Plans or Proposals. Although the Reporting Persons currently intend to hold the Common Stock as a mid- to long-term investment, they may, from time to time, in the ordinary course of business, depending on the factors discussed herein and the objectives of the Reporting Persons, seek to purchase, acquire, retain, sell, assign, transfer, endorse, pledge, hypothecate and otherwise dispose of all or a portion of the Common Stock in the open market or in privately negotiated transactions.
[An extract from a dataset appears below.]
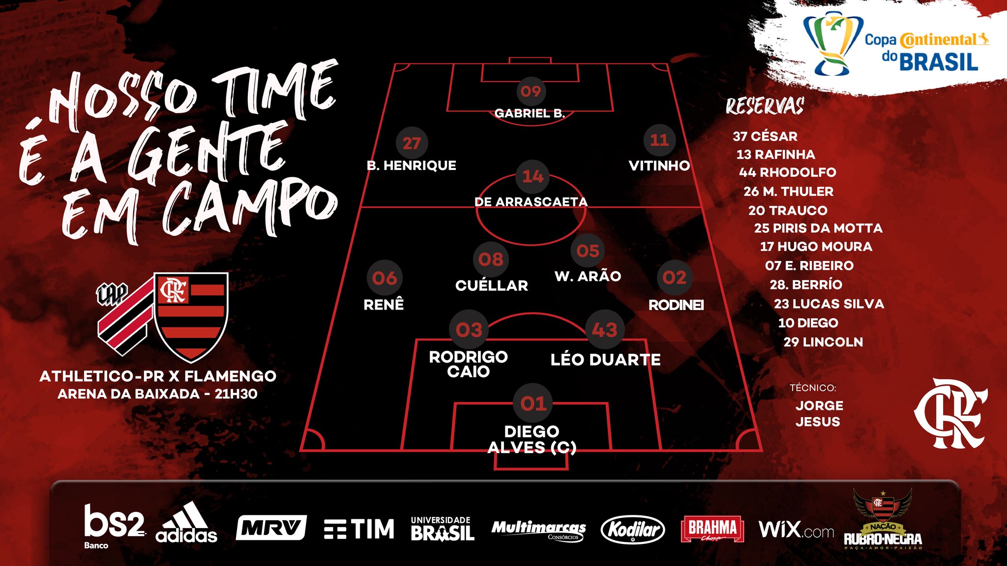 Muito trabalho pela frente. Esta é a pior defesa que JJ teve nos últimos 12 anos, a equipa por outro lado tentou pressionar alto mas notou-se que não está habituada a fazê-lo e abriu sempre ‘grandes buracos’ no meio campo. No capítulo ofensivo Gabigol marcou um golaço e ainda desperdiçou mais 2-3, mas os ataques foram quase todos através do passe longo. Valeu o resultado, ainda por cima na primeira parte o Athletico teve lances suficientes para chegar aos 4 ou 5 golos (Diego Alves) e mesmo no 2.º tempo foi sempre a equipa com mais iniciativa (o Fla terminou a defender num bloco muito baixo). A nível individual os defesas Rodinei e Léo Duarte tiveram exibições confrangedoras. Rodrigo Caio foi o menos mau da defesa, mesmo assim cometeu muitos erros de posicionamento e de abordagem (muitas bolas cortadas de maneira deficiente). Arão no meio campo demonstrou a sua falta de técnica, Vitinho nem se viu, melhor esteve Gabigol que marcou um belo golo, já Bruno Henrique foi o mais esforçado mas acabou por ser prejudicado pelo relvado (além de ser sintético estava em más condições).

The Reporting Persons or their affiliates may also, from time to time, enter into business arrangements with the Issuer, including, without limitation, arrangements regarding the development and commercialization of ophthalmic drugs, devices and related services. Any actions the Reporting Persons might undertake will be dependent upon the Reporting Persons’ review of numerous factors, including, among other things, the price levels of the Common Stock; general market and economic conditions; ongoing evaluation of the Issuer’s business, financial condition, operations and prospects; the relative attractiveness of alternative business and investment opportunities; the objectives of the Reporting Persons; and other future developments.

Except as described herein, none of the Reporting Persons have present plans or proposals that relate to or would result in any of the actions described in Items 4(a) through (j) of Schedule 13D.”

 

Item 5. Interest in Securities of the Issuer.

Item 5(a), (b) and (c) of the Statement are hereby deleted and replaced with the following:

“(a), (b)

As of the date hereof, each of the Reporting Persons may be deemed to beneficially own the aggregate number of and percentage of Common Stock listed opposite its name:


Reporting Person    Amount
Beneficially
Owned1
     Percent of
Class2
    Sole power
to vote or
direct the
vote
     Shared
power to
vote or
direct the
vote
     Sole power
to dispose
or direct
the
disposition
of
     Shared
power to
dispose or
direct the
disposition
of
 

SBI Holdings, Inc.

     14,449,325         38.19 %     0         14,449,325         0         14,449,325   

SBI Incubation Co., Ltd.

     8,252,456         21.81 %     0         8,252,456         0         8,252,456   

 

1  Each of the Reporting Persons expressly disclaims beneficial ownership of the Common Stock, except to the extent of such Reporting Person’s pecuniary interest therein.
2  The percentage ownership is based upon 37,839,619 outstanding shares as reported by the Issuer in its Exhibit 99.1 to its Form 8-K filed with the Securities and Exchange Commission on December 6, 2016.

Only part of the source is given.